→ **Exercise data**
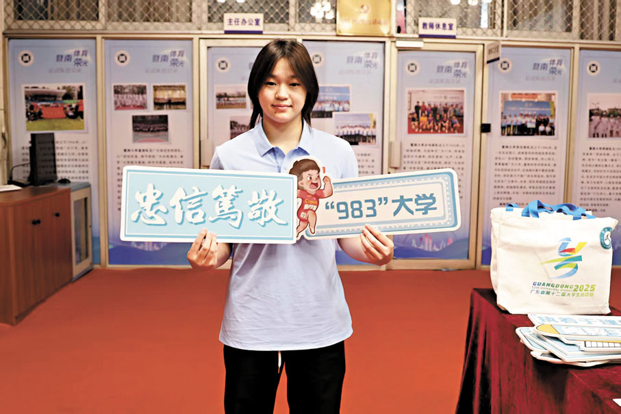 (香港文匯報 記者 李紫妍 廣州報道)今年9月開學季,全紅嬋、陳藝文、王楚欽、李雯雯等一批備受關注的年輕奧運冠軍們從賽場走進校園。日前,暨南大學正式迎來2025級新生,其中就有中國跳水奧運冠軍全紅嬋。香港文匯報記者從校方獲悉,她已在暨南大學體育學院辦理運動訓練專業本科生報到手續,並領取了學生證和新生大禮包等,正式成為該校的一名新同學。報到現場,她拿着「983大學」(蘇炳添2018年成為暨南大學老師,2021年東京奧運會跑出9秒83的成績,打破亞洲紀錄,編者註)和暨大校訓「忠信篤敬」的KT板,拍下了在校園的第一張留影。
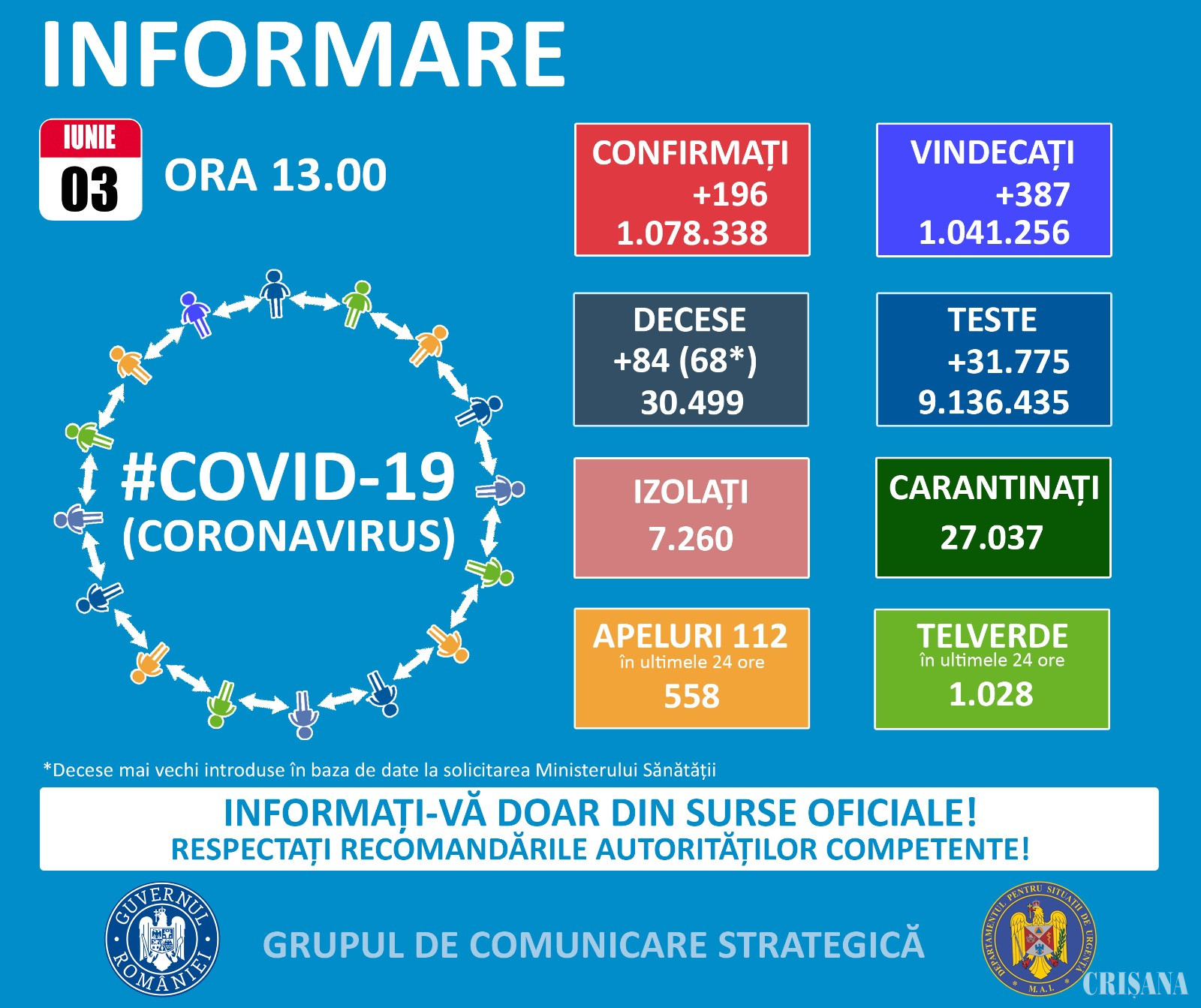 La nivel național, din 9.136.435 teste efectuate, numărul persoanelor infectate a ajuns la 1.078.338. În ultimele 24 de ore au fost efectuate 31.775 teste, identificându-se 196 cazuri noi, care nu au mai avut anterior un test pozitiv. Distinct de cazurile nou confirmate, în urma retestării pacienților, 69 persoane au fost reconfirmate pozitiv.
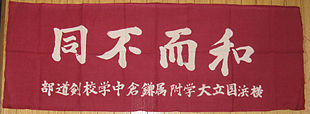 A tenugui (手拭い) is a thin Japanese hand towel made from cotton. Typically, tenugui are about 35 by 90 centimeters in size, plain woven, and almost always dyed with some pattern. Usually the long sides are finished with a selvage, and the short sides are just cut and so soon show some fraying.[1] A tenugui is often used in ways that towels are used,such as being used as a washcloth or dishcloth, for example. They are often used as headbands, souvenirs, decorations, or for wrapping bottles and similar items. Towels made from terry cloth have largely replaced tenugui in household use. However tenugui are still popular as souvenirs, decorations, and as a head covering in kendo, where it functions as a sweatband and provides extra padding beneath the headgear (men).
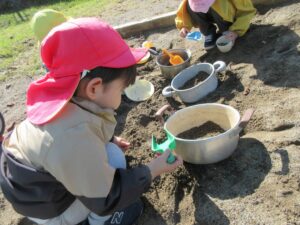 ちいさいおともだちは、いつもお兄さんお姉さんの姿を見て色々なことに挑戦します

→ **Your task**
The pictures should be dropped, and every line above should be set down again exactly.

→ **Solution to the exercise**
 (香港文匯報 記者 李紫妍 廣州報道)今年9月開學季,全紅嬋、陳藝文、王楚欽、李雯雯等一批備受關注的年輕奧運冠軍們從賽場走進校園。日前,暨南大學正式迎來2025級新生,其中就有中國跳水奧運冠軍全紅嬋。香港文匯報記者從校方獲悉,她已在暨南大學體育學院辦理運動訓練專業本科生報到手續,並領取了學生證和新生大禮包等,正式成為該校的一名新同學。報到現場,她拿着「983大學」(蘇炳添2018年成為暨南大學老師,2021年東京奧運會跑出9秒83的成績,打破亞洲紀錄,編者註)和暨大校訓「忠信篤敬」的KT板,拍下了在校園的第一張留影。
 La nivel național, din 9.136.435 teste efectuate, numărul persoanelor infectate a ajuns la 1.078.338. În ultimele 24 de ore au fost efectuate 31.775 teste, identificându-se 196 cazuri noi, care nu au mai avut anterior un test pozitiv. Distinct de cazurile nou confirmate, în urma retestării pacienților, 69 persoane au fost reconfirmate pozitiv.
 A tenugui (手拭い) is a thin Japanese hand towel made from cotton. Typically, tenugui are about 35 by 90 centimeters in size, plain woven, and almost always dyed with some pattern. Usually the long sides are finished with a selvage, and the short sides are just cut and so soon show some fraying.[1] A tenugui is often used in ways that towels are used,such as being used as a washcloth or dishcloth, for example. They are often used as headbands, souvenirs, decorations, or for wrapping bottles and similar items. Towels made from terry cloth have largely replaced tenugui in household use. However tenugui are still popular as souvenirs, decorations, and as a head covering in kendo, where it functions as a sweatband and provides extra padding beneath the headgear (men).
 ちいさいおともだちは、いつもお兄さんお姉さんの姿を見て色々なことに挑戦します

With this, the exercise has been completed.